WORK TO COMPLETE –
Write out, please, each line from the one containing "(新宿NPO協働推進センター外観)" to the final line of the data, both included, exactly and without pictures.

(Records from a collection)
#####

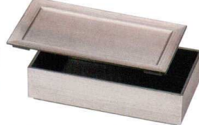
A6113-761 銀木目 75長手前菜皿 1,800円 (21.8×11.5×1.2cm) A・ウ A6114-761 銀木目内黒 75 長手弁当(親) 2,700円 (21.8×11.5×5.6cm) A・ウ
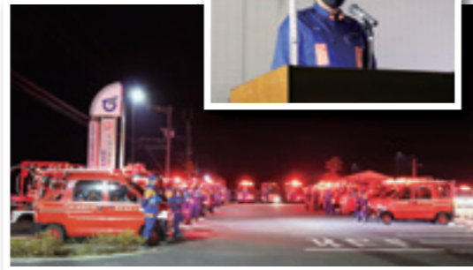
12/28 消防団年末警戒出発式(役場駐車場)
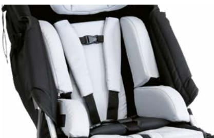
Apoyos laterales para tronco
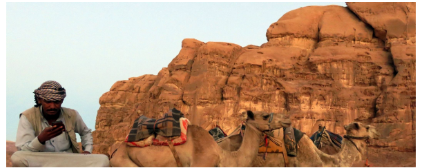
Autor: Susana MURCIANO
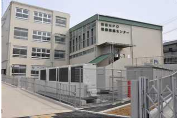
(新宿NPO協働推進センター外観)

新宿NPO協働推進センターでは、社会貢献活動に携わる皆様にお役にたつ、NPOの基礎を学ぶ講座を開催いたします。今回の資金関係第IIシリーズではNPO活動についての資金集めについてまとめて学びます。
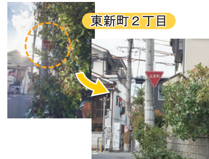
▲止まれの標識が見えにくいため剪定
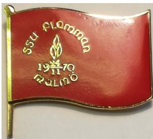
7.15 SSU Flamman 24/11 1970 Malmö , utkom 1986. (S.R.68)
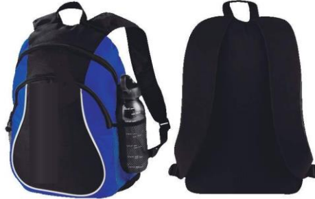
Imágenes solo como referencia
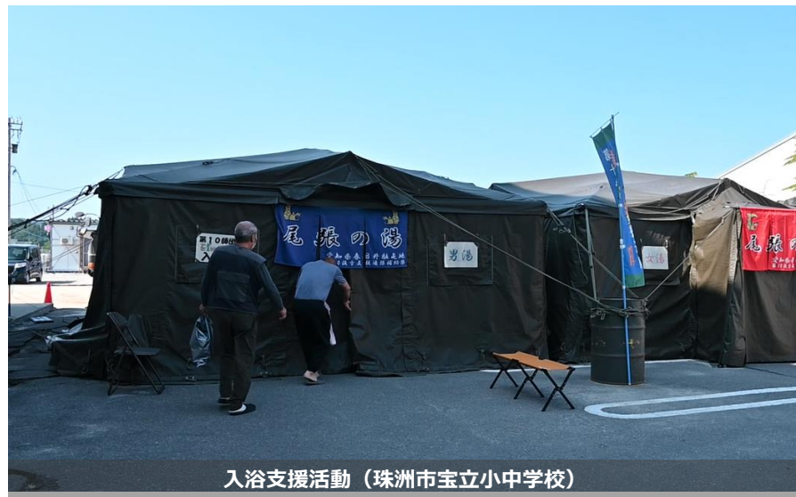
入浴支援活動（珠洲市宝立小中学校）

#####

ANSWER BOX –
(新宿NPO協働推進センター外観)

新宿NPO協働推進センターでは、社会貢献活動に携わる皆様にお役にたつ、NPOの基礎を学ぶ講座を開催いたします。今回の資金関係第IIシリーズではNPO活動についての資金集めについてまとめて学びます。
▲止まれの標識が見えにくいため剪定
7.15 SSU Flamman 24/11 1970 Malmö , utkom 1986. (S.R.68)
Imágenes solo como referencia
入浴支援活動（珠洲市宝立小中学校）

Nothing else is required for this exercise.